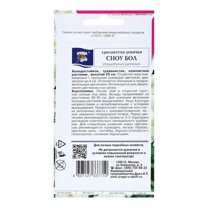 Семена цветов Хризантема девичья "Сноу Бол", 0,05 г
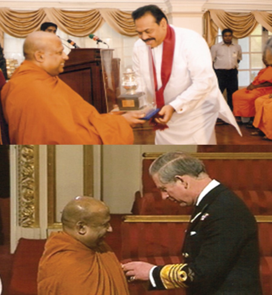 The Birmingham Buddhist Maha Vihara was established in 1992 by Ven. Dr. Witharandeniye Kassapa (O.B.E.) the present chief incumbent of the Maha Vihara. He is also the President of the Midlands International Buddhist Association in the U.K. and the International Buddhist Relief Organisation (I.B.R.O.), which is affiliated to the United Nations. The images show the Prince of Wales awarding the O.B.E. to Ven.Dr. Witharandeniye Kassapa and recieving an ward by his excellency Mahinda Rajapaksa ,the President of Sri Lanka.
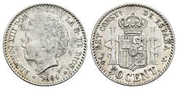 Centenario de la Peseta (1868-1931). Alfonso XIII (1886-1931). 50 céntimos. 1894*9-4. Madrid. PGV. (Cal-43). Ag. 2,50 g. MBC+. Est...30,00.
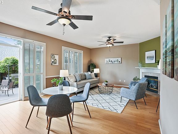Lovely home on corner lot in heart of Forest Grove with NO HOA! Oversized driveway to fit boat or RV. Main floor features bamboo floors, kitchen with quartz counters, pantry & open dining/living room with cozy fireplace. Primary en suite with vaulted ceilings and walkin closet. Bonus space at top of stairs perfect for home office or play space. Fully fenced backyard with trex deck, matching shop/storage building with electricity, fire pit area and side yard. Enjoy established fruit trees!
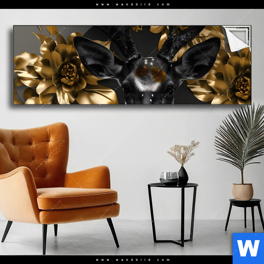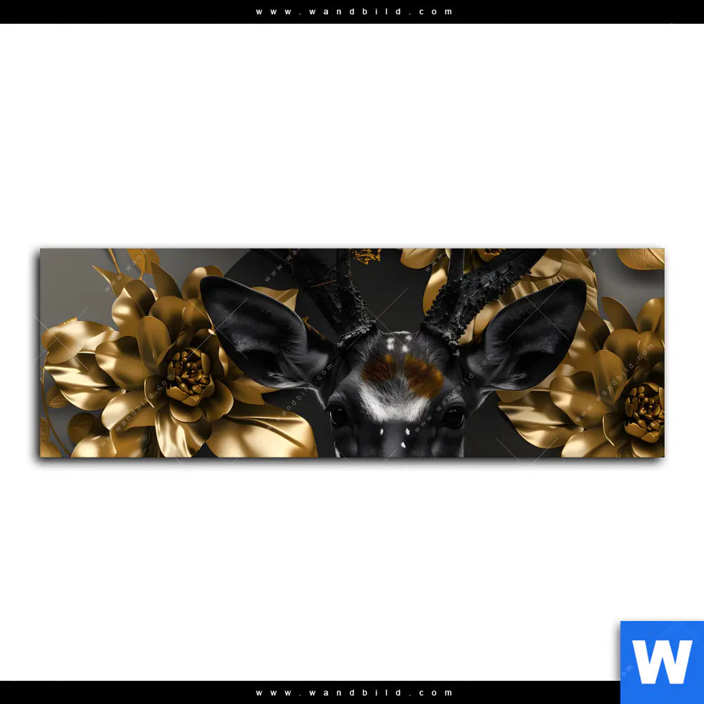 Spannbild | Junger Hirsch und Goldblumen | Panorama

==========

Assigned task: Write out each entry exactly as given, but skip the pictures.

Expected answer:
 Семена цветов Хризантема девичья "Сноу Бол", 0,05 г
 The Birmingham Buddhist Maha Vihara was established in 1992 by Ven. Dr. Witharandeniye Kassapa (O.B.E.) the present chief incumbent of the Maha Vihara. He is also the President of the Midlands International Buddhist Association in the U.K. and the International Buddhist Relief Organisation (I.B.R.O.), which is affiliated to the United Nations. The images show the Prince of Wales awarding the O.B.E. to Ven.Dr. Witharandeniye Kassapa and recieving an ward by his excellency Mahinda Rajapaksa ,the President of Sri Lanka.
 Centenario de la Peseta (1868-1931). Alfonso XIII (1886-1931). 50 céntimos. 1894*9-4. Madrid. PGV. (Cal-43). Ag. 2,50 g. MBC+. Est...30,00.
Lovely home on corner lot in heart of Forest Grove with NO HOA! Oversized driveway to fit boat or RV. Main floor features bamboo floors, kitchen with quartz counters, pantry & open dining/living room with cozy fireplace. Primary en suite with vaulted ceilings and walkin closet. Bonus space at top of stairs perfect for home office or play space. Fully fenced backyard with trex deck, matching shop/storage building with electricity, fire pit area and side yard. Enjoy established fruit trees!
 Spannbild | Junger Hirsch und Goldblumen | Panorama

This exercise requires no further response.